THE WALL STREET JOURNAL / CALIFORNIA

Critics Seek
More Control
Over ISO
By Marc Lifsher

08/09/2000
The Wall Street Journal
Page CA1
(Copyright © 2000, Dow Jones & Company, Inc.)
Some people want the California Independent System Operator to be a lot less
independent.
The Folsom-based nonprofit corporation, which acts as the traffic cop for the
state's electricity grid, has been a lightning rod for criticism during this
summer's power crisis. Though generally praised for keeping lights on in the
face of severe shortages of electricity, the ISO has come under fire for
failing to move more quickly to lower the maximum price it will pay
generators for emergency power to meet demand and prevent blackouts.
Pressure on the ISO has eased considerably since last week, when its
governing board voted to lower the cap on such same-day, emergency purchases
-- the only type of pricing it has the power to affect directly -- to $250 a
megawatt hour from $500. But the heat hasn't been turned off completely. Some
lawmakers still are calling for changes in the 26-member ISO board, which
includes people nominated by power generators, utilities, middlemen, and
commercial and residential customers, among others. The critics want to
streamline the board and make it more accountable to the state's elected
officials.
The ISO was created by the state's 1996 utility-deregulation act to transmit
electricity smoothly between generators and utilities. Lawmakers devised the
independent board as a way to give the various "stakeholders" -- generators,
utilities, middlemen, customers and environmentalists -- a say in how energy
is supplied. Members serve for up to three years.
"It's inappropriate for the ISO governing board to vote on issues that
benefit them financially," says Sen. Dede Alpert, a Coronado Democrat. She
questions the wisdom of allowing out-of-state energy sellers and marketers to
sit on the ISO board and vote on emergency prices, especially when they have
an interest in keeping those prices high.

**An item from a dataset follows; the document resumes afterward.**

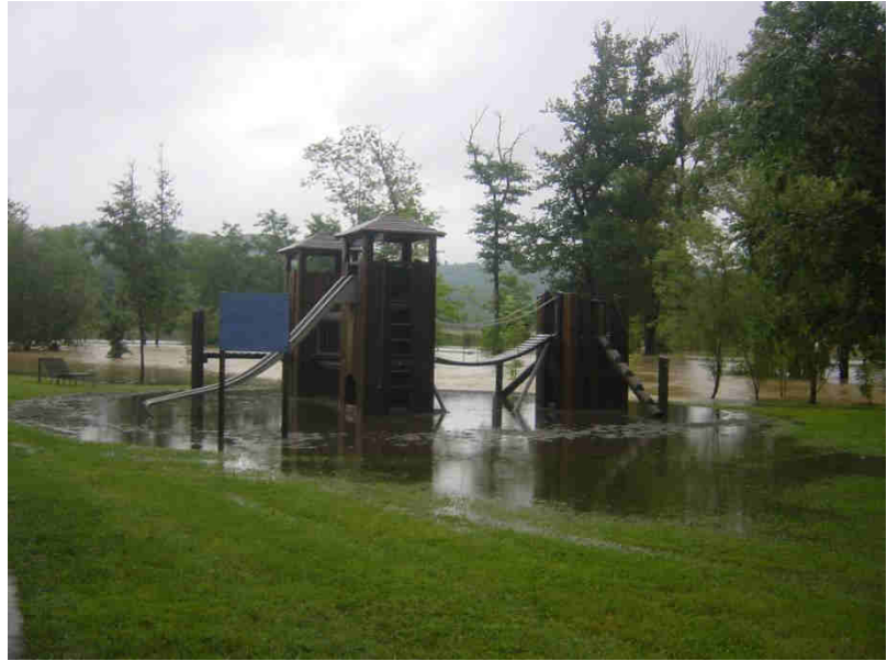
Baringouste sous les eaux

Aucun dégât à déplorer sur les habitations, fort heureusement, juste les désagréments au niveau de la circulation et ces quelques photos souvenirs !

Sen. Alpert spent much of the Legislature's recent summer recess fielding
complaints about high electricity costs from her constituents, customers of
San Diego Gas & Electric Co., a unit of San Diego-based Sempra Energy. Last
summer, SDG&E became the first investor-owned utility in the state to have
price regulations fully lifted. This summer, its rates have doubled, as high
temperatures and power shortages have swept the West.
In response to a series of price spikes in Southern California and the wider
contention that skyrocketing prices indicate the failure of deregulation,
state lawmakers have scheduled a joint hearing tomorrow in Sacramento. High
on the agenda: possible changes in the ISO's governing structure and scrutiny
of the way it handles power statewide on hot days. Critics say emergency
purchases should be no more than 5% of electric-power sales, but were as high
as 33% of the market on hot days earlier this summer.
Key legislative leaders -- including Sen. Steve Peace, an El Cajon Democrat
who was the architect of the 1996 deregulation law -- would like to make the
ISO more accountable to state elected officials.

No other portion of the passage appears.